(Saved data entries)
■ ■ ■ ■ ■ ■ ■
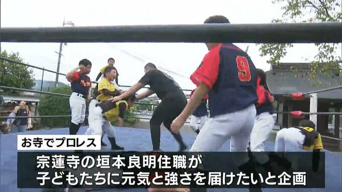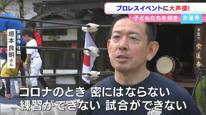 宗蓮寺では、ソフトボールやバスケットボールなど、4つのこども会チームが活動していて、プロレスファンでもある垣本良明住職が、こどもたちに元気と強さを届けたいと企画しました。
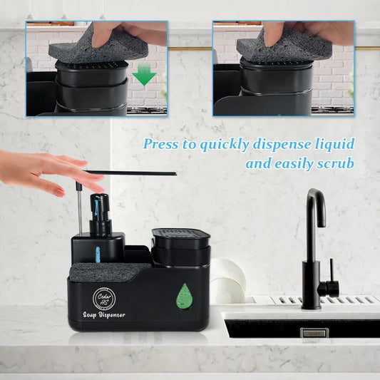Kitchen Soap Dispenser Set with Sink Caddy-Hand and Dish Soap Dispenser with Sponge,Crevice Cleaning Brush,stailess Steel Scrubber, Sponge and discloth Holder 5-in-1 Organizer Set (Black)
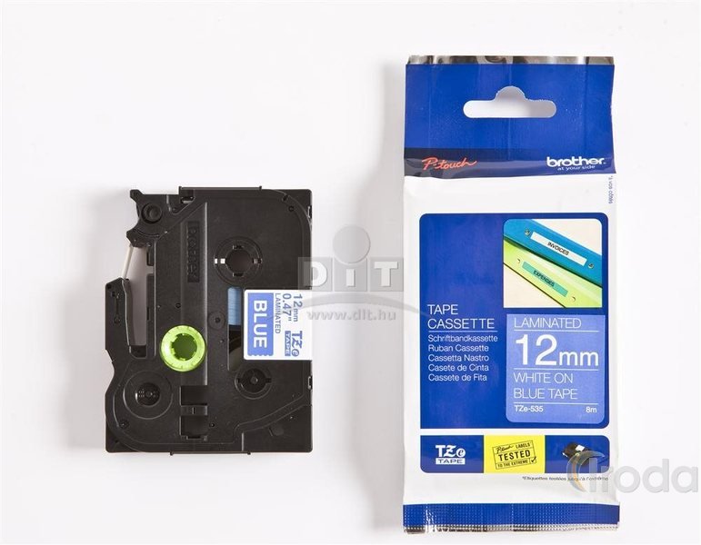 12 mm széles, 8 m hosszú, kék alapon fehér betűs, öntapadós címkeszalag laminált tartós feliratok nyomtatásához.
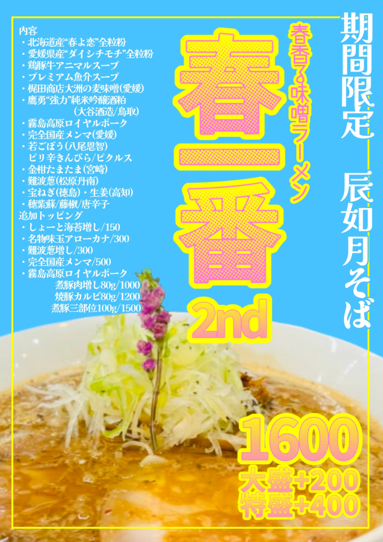 特徴ある限定ラーメンが産まれます。
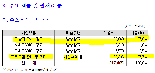 SBS 주요 제품별 매출 비중 /출처 SBS 2021년 1분기 분기보고서 2021년 1분기 기준 지상파 TV 광고에서는 37.8% 비율을 보였으며, 프로그램 판매 등 기타 부분으로 분류된 사업수익이 전체 매출의 약 57.7%를 차지했고, 금액 규모는 약 1,242억 원을 기록했습니다.
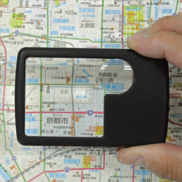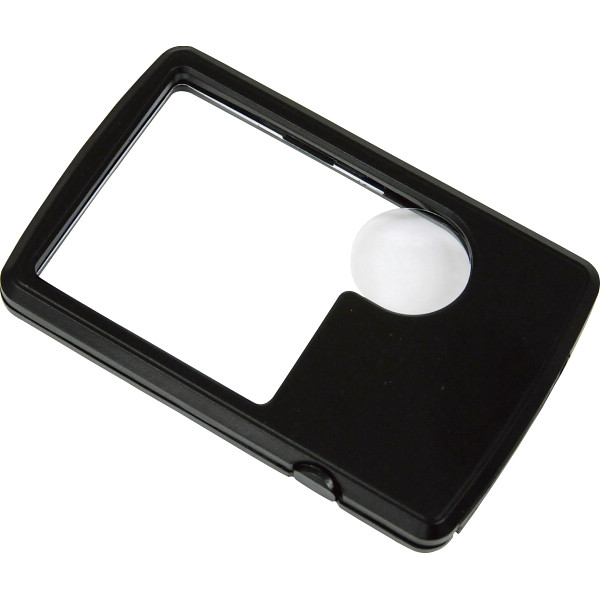●LED1灯点灯のカードタイプで携帯に便利で、ボタンを押すだけでライトが点灯して暗い場所でも観察できます。小玉部分では高倍率の4.5倍で小さなものを拡大して見るときに便利です。
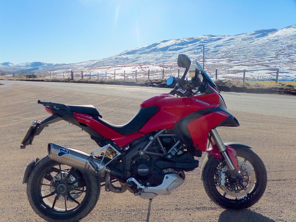 OK...so here's how my brand new 2013 PP was ridden from my pal ' Wudz ' showroom and gently baptised in a slightly snowy N Wales late March.....it's now waiting to fit a little more lighting 'cos I'm scared of the dark and then it will be fit for all challenges. Standard Ducati spots below rad and a pair of high level amazing Vision X Solstice Solo Spot 10 degrees. Plus a Nautilus MSX 139dB horn to clear those Hitlers Bike Bavtracs out of the way while hunting down and passing the odd new KTM 1190 Adventure in the bumpy B road twisties. With full titanium pipes, 'chip' and Termi it sounds awesome and breathes so well in mid range. To run it in before first service I've done some mixed, fast roads ( with no time to stop and take pictures...Fogump is my name....and " running/riding faster than the wind..." is my game...:biggrin: ). Next is IoM pre-TT week for some serious laps of that mind blowing circuit and a few light IoM trails ( not that many tho' as most are rocky and some big steps...not so good for those Marchesinis... ). Then I guess I'd betta start thinking about another set of rubber...and Ducati panniers for some serious GT rides. This 'bike's a player...! ...OLLI....
■ ■ ■ ■ ■ ■ ■
_To do_
The records above are to be transcribed exactly, with every picture left out.

_Result_
 宗蓮寺では、ソフトボールやバスケットボールなど、4つのこども会チームが活動していて、プロレスファンでもある垣本良明住職が、こどもたちに元気と強さを届けたいと企画しました。
Kitchen Soap Dispenser Set with Sink Caddy-Hand and Dish Soap Dispenser with Sponge,Crevice Cleaning Brush,stailess Steel Scrubber, Sponge and discloth Holder 5-in-1 Organizer Set (Black)
 12 mm széles, 8 m hosszú, kék alapon fehér betűs, öntapadós címkeszalag laminált tartós feliratok nyomtatásához.
 特徴ある限定ラーメンが産まれます。
 SBS 주요 제품별 매출 비중 /출처 SBS 2021년 1분기 분기보고서 2021년 1분기 기준 지상파 TV 광고에서는 37.8% 비율을 보였으며, 프로그램 판매 등 기타 부분으로 분류된 사업수익이 전체 매출의 약 57.7%를 차지했고, 금액 규모는 약 1,242억 원을 기록했습니다.
●LED1灯点灯のカードタイプで携帯に便利で、ボタンを押すだけでライトが点灯して暗い場所でも観察できます。小玉部分では高倍率の4.5倍で小さなものを拡大して見るときに便利です。
 OK...so here's how my brand new 2013 PP was ridden from my pal ' Wudz ' showroom and gently baptised in a slightly snowy N Wales late March.....it's now waiting to fit a little more lighting 'cos I'm scared of the dark and then it will be fit for all challenges. Standard Ducati spots below rad and a pair of high level amazing Vision X Solstice Solo Spot 10 degrees. Plus a Nautilus MSX 139dB horn to clear those Hitlers Bike Bavtracs out of the way while hunting down and passing the odd new KTM 1190 Adventure in the bumpy B road twisties. With full titanium pipes, 'chip' and Termi it sounds awesome and breathes so well in mid range. To run it in before first service I've done some mixed, fast roads ( with no time to stop and take pictures...Fogump is my name....and " running/riding faster than the wind..." is my game...:biggrin: ). Next is IoM pre-TT week for some serious laps of that mind blowing circuit and a few light IoM trails ( not that many tho' as most are rocky and some big steps...not so good for those Marchesinis... ). Then I guess I'd betta start thinking about another set of rubber...and Ducati panniers for some serious GT rides. This 'bike's a player...! ...OLLI....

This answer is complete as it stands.